A simple (maybe not) implementation of go-back-n. This impementation consider packet loss and packet corruption, and verify the design by simulating the loss and corruption when transfering packets.
To run a demo, just:
# cd the root of project.
utils/run-demo.sh
# wait a minute for transfer finished.
utils/check-demo.sh
In the demo, sender will read file demo/file-to-send.txt
and send to a pipe program, receiver will receive packets and writes received contents to file demo/file-received.txt
. Logs are writed to demo/*.log
.
In fact, you can make sender read any file or make receiver write to any file. See src/sender.c
and src/receiver.c
for more details.
Remeber to run go_back_n pipe
to make sender and receiver can connect to each other.

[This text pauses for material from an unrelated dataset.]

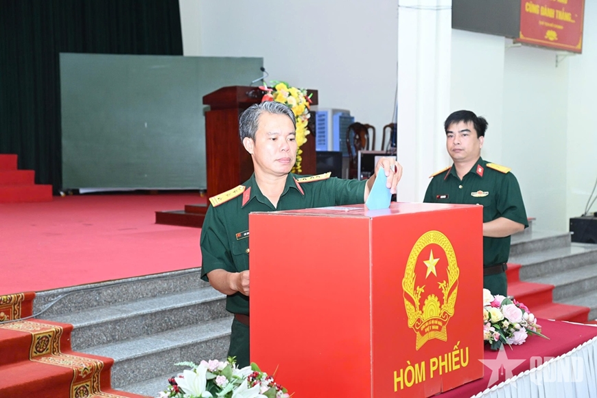 Cử tri LLVT tham gia bầu cử đại biểu Quốc hội và HĐND các cấp nhiệm kỳ 2026-2031 tại điểm bầu cử Bộ CHQS TP Cần Thơ.

To check the robustness, you can export demoFile="demo/ANNA_KARENINA.txt"
before running demo, so the file to be transferred will be Anna_Karnenina, a 1940KB novel.
This is just a simple introduction.
The sender (we call it S) and the receiver (we call it R) will connect each other by two "pipes". The go_back_n pipe s2r
is for packets from S to R, and the go_back_n pipe r2s
is for packets from R to S (always for ACK in go-back-n).
The packet loss and packet corruption are achieved by the pipe
program. The reason why we don't let S and R send to each other directly is that by such method, we can simulate packet loss and corruption better.
The S will split the file into picies, and send them one by one. The R will receive files, and write to the file.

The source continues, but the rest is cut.